A handful of unsweetened flaked coconut

Directions

  1. On a toaster oven-sized sheet pan, add a handful of unsweetened flaked coconut.
  2. Place it in a toaster oven, and turn on.
  3. Watch it carefully for 2-3 minutes and pull out of the oven just as it starts to brown.

Chocolate Coconut Chia Pudding Cups

Chocolate Coconut Chia Pudding Cups

This recipe is another during my Elimination Diet. I’m writing this the day before I start the diet…I had plans to take pictures this morning, but the fog is so dense, I’m afraid I won’t get any good ones.  The reason I’m trying the Elimination Diet is because I get a lot of stomach irritation, and I’m curious to see if there’s any one food group that’s affecting me. 

The Elimination Diet is no dairy, caffeine, alcohol, gluten, nightshades, white carbs, beef, pork, shellfish, processed food, soy, peanuts, eggs, and certain fruits like grapes and bananas.  It’s pretty extensive, but not exhaustive.  You can still have meat, most vegetables, and non-white non-gluten carbs. 

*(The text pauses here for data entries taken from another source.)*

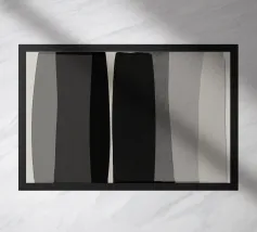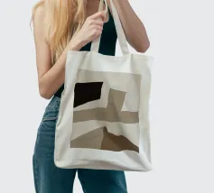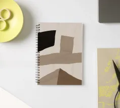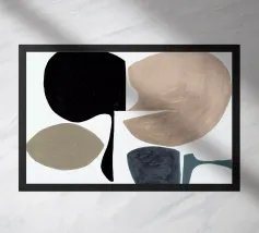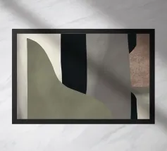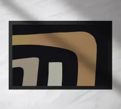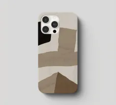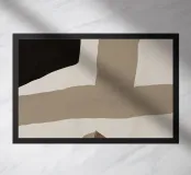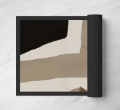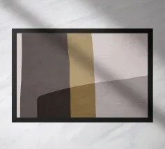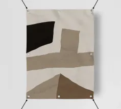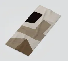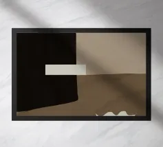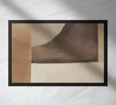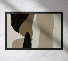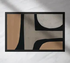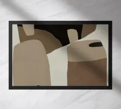 Forme astratte in varie tonalità di marrone e nero si sovrappongono su uno sfondo beige, formando una composizione che può evocare un senso di paesaggio o di architettura. La semplicità delle forme e la palette di colori della terra conferiscono al pezzo un'atmosfera minimalista e moderna.
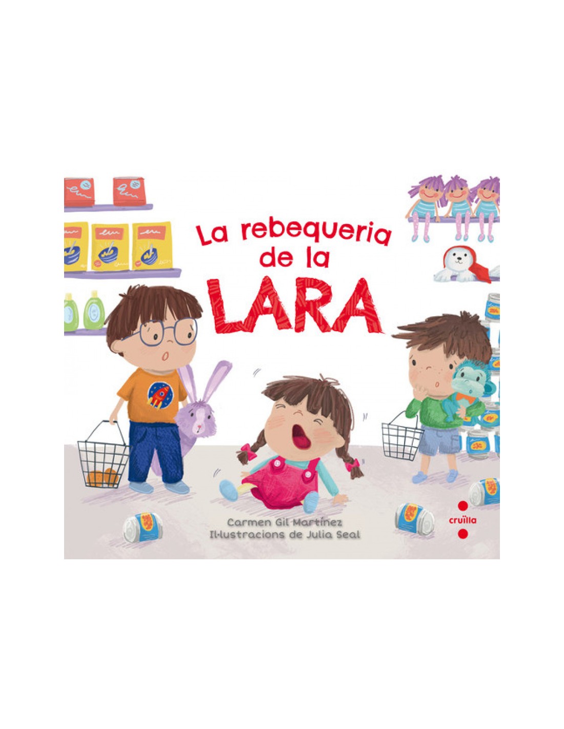 Avui, la Lara i els seus germans han anat al supermercat. Hi ha tantes coses... i la Lara les vol totes! Ha demanat a la mare que li compri una foca de peluix, i com que li han dit que no, s'enfada molt i fa una rebequeria. Peró no és l'única, en Timi també s'ha enfadat. Quin escándol que han organitzat!
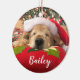 How about a cute ornament to make your holidays merry this year? Design features a photograph of a golden retriever dog who is asleep on a pillow under a Christmas tree and wearing a red Santa hat. Personalise with a name or phrase.
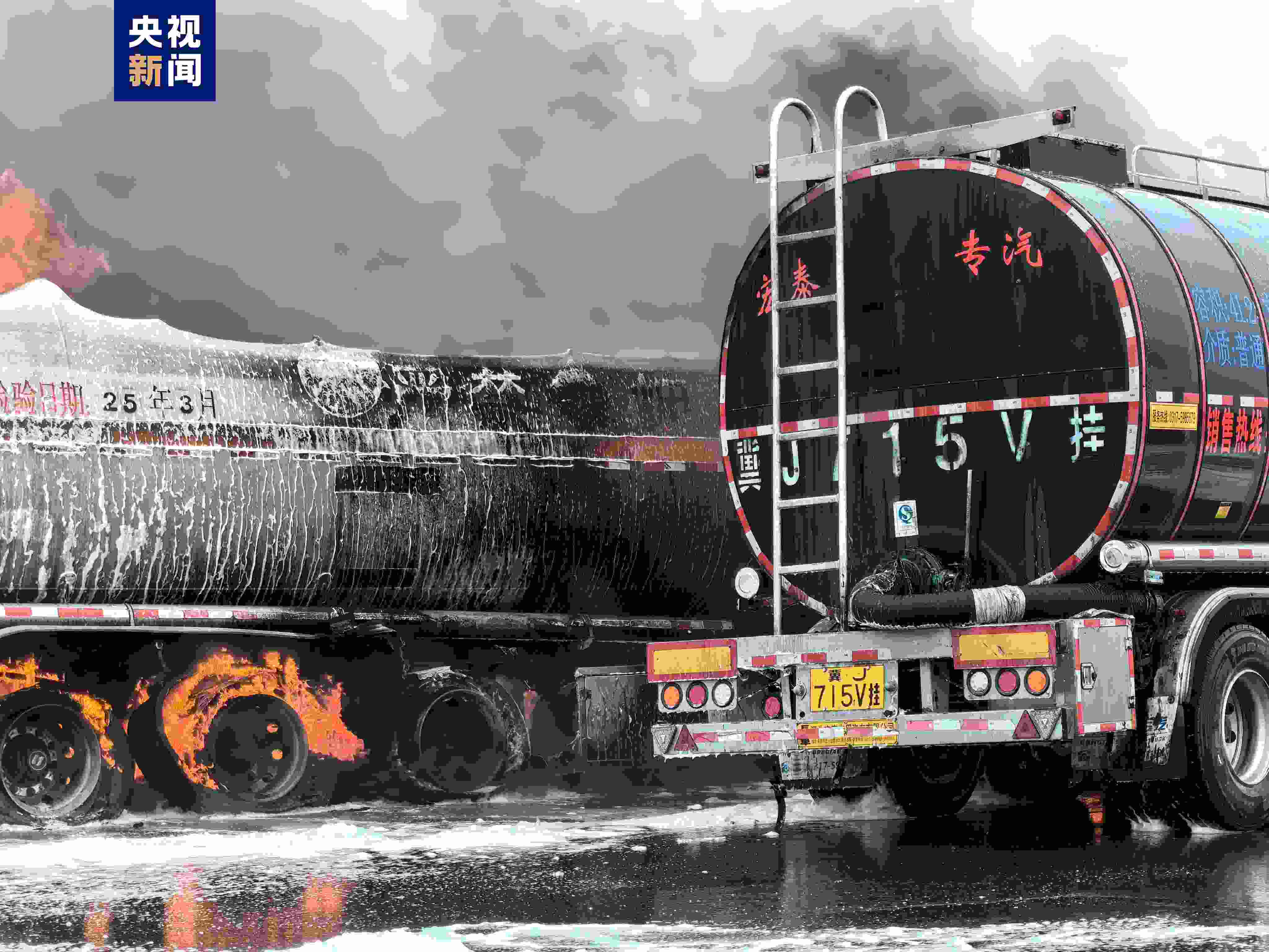 今天(19日)上午,天津市濱海新區(qū)秦濱高速臨港收費(fèi)站出口有兩輛罐車發(fā)生交通事故后起火。經(jīng)偵察,現(xiàn)場(chǎng)為一輛載有潤(rùn)滑油的罐車與一輛載有柴油的罐車相撞,造成兩輛罐車起火。
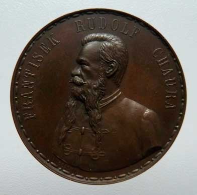 Frant. Rudolf Chaura - medaile na 50.narozeniny 1892 - poprsí zleva, opis / tabulka s latinským heslem, lip.ratolest, opisy, Sign.Golčmid, měď 34 mm, patina
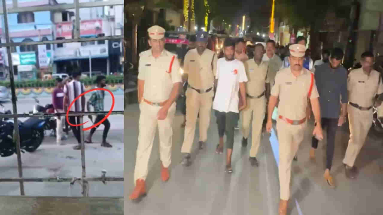 విక్టరీ వైన్ షాపు వద్ద కత్తులతో హల్ చల్ చేసి భయాందోళనకు గురి చేసిన రౌడి షిటర్ ఫిరోజ్, సయ్యద్ భాషల వీడియోలు సోషల్ మీడియాలో వైరల్ కావడంతో స్పందించిన పోలీసులు ఇద్దరు యువకుల్ని అదుపులో తీసుకున్నారు. వారిపై మారణాయుధాలు వాడకంతో పాటు ఇతర సెక్షన్స్ల కింద కేసు నమోదు చేసి.. ఈస్ట్ పోలీస్ స్టేషన్ నుంచి కోర్టు ప్రాంగణం వరకు నడిపించుకుంటూ తీసుకెళ్లారు. అందరూ చూసేలా చేతులకు బేడీలు వేసి రోడ్డుపై నడుచుకుంటూ తీసుకెళ్లి కోర్టులో హాజరు పరిచారు.

I made a similar pudding last year, but with regular cow’s milk.  I tasted this version along the way and adjusted the flavors to get it as rich-tasting as possible.  Just because you’re on a special diet doesn’t mean there aren’t ways to feel indulgent.  This recipe makes four 8 ounce portions, and each portion has about 260 calories if you follow my recipe exactly.  These are vegan free, gluten free, and Elimination Diet-friendly.  The puddings set up in 6 hours and will keep for about 5 days. 

Chia seeds are interesting little things, aren’t they?  Remember back in the 90s, Chia Pets?  It’s the same thing, except this time, we’re eating them.  Each serving of this pudding has 3 tablespoons of chia seeds.  The seeds are what helps the pudding become pudding.  For every 3 tablespoons, there are 180 calories, 9 grams of fat, 180 mg of potassium, 15 grams of fiber (!), NO SUGAR, 9 grams of protein, plus 24% of your daily Vitamin A and 18% of your daily Iron needs.  Pretty impressive.

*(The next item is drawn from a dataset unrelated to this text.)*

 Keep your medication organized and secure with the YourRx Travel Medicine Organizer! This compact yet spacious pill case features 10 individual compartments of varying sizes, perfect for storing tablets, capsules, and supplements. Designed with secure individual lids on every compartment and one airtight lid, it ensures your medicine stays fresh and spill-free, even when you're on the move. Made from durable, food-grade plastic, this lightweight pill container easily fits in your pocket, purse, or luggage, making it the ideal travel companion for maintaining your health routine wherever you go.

When I made these last year, I stored them in glasses with plastic wrap, but that was before I got my half pint mason jars.  I keep finding new reasons to love and accumulate mason jars.  I started using them for salads, but have since used them for homemade beauty products, salad dressings, and now for these puddings.  It’s homemade portable pudding cups tailored exactly to your specifications.  Plus– they’re spill-proof. 

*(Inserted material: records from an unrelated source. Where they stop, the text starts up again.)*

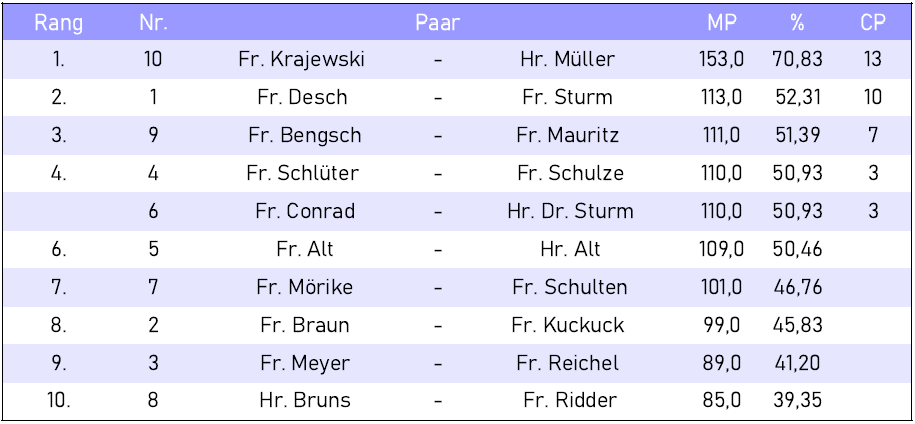 Clubturniere Ergebnis Clubturnier vom 12.11.2025 von Lars|Veröffentlicht am 12. November 2025 50 % = 108,0 MP
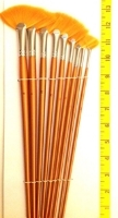 Golden Synthetic Hair Fan Style Paint Brush Set 9pcs, nickel seamless ferrules. set includes 9 brushes sizes: 0, 2, 4, 6, 8, 10, 12, 14, 16.
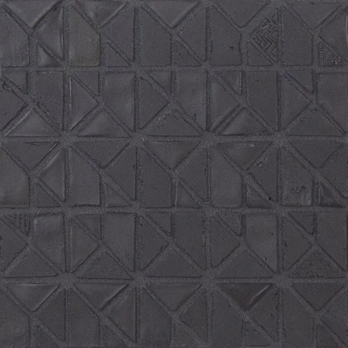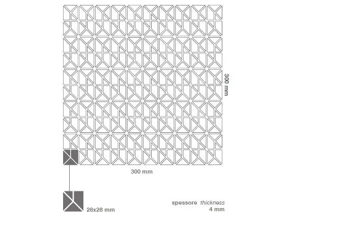 проект, возникший в результате изучения геометрической формы квадрата, разложенного на более мелкие первичные формы, содержащиеся в нем, такие как треугольники и трапеции, которые составляют почти архитектурные структуры. Переливающаяся поверхность и узоры, выгравированные вручную, подчеркивают ее визуальное и тактильное восприятие.
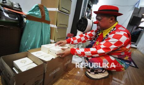 Hendayana sosok Badut Cimahi mempersiapkan makanan untuk takjil yang akan dibagiakan bersama komunitasnya di Cimahi Utara, Kota Cimahi, Selasa (3/3/2026). Kegiatan berbagi takjil ini sebagai bentuk empati untuk masyarakat yang sedang berpuasa Ramadhan sekaligus kampanye perdamaian, agar selalu jaga emosi karena perdamaian itu indah. (FOTO : Edi Yusuf)

You can top them with anything you like—I suggest toasted unsweetened coconut, almonds, fresh mint, or chocolate shavings (though chocolate shavings are not vegan or Elimination Diet-friendly).

 

Total Time:  6 hours, 15 minutes (hands-on time 15 minutes)

Difficulty Level:  Easy

Serves: 4best

 

Ingredients

3 cups of cold unsweetened coconut milk

3 tablespoons of unrefined coconut sugar

2 tablespoons of cocoa powder

12 tablespoons of chia seeds

toasted coconut

  1. Add the coconut milk to a large mixing bowl.
  2. Sift the unrefined coconut sugar and cocoa powder together to remove any lumps. Add them to the milk.
  3. Add the chia seeds to the milk mixture.
  4. Use a whisk to mix everything together thoroughly.
  5. Using 4 half pint (8 ounce) mason jars, add the mixture evenly to each jar.
  6. Put the lids on the jars, and refrigerate for 6 hours or overnight.
  7. Garnish with toasted coconut, mint, almonds, or chocolate shavings (non-vegan, not Elimination Diet-friendly). Puddings will last about 5 days in the fridge.

 

 

For the toasted coconut, you’ll need:

A handful of unsweetened flaked coconut

 

Directions

  1. On a toaster oven-sized sheet pan, add a handful of unsweetened flaked coconut.
  2. Place it in a toaster oven, and turn on.
  3. Watch it carefully for 2-3 minutes and pull out of the oven just as it starts to brown.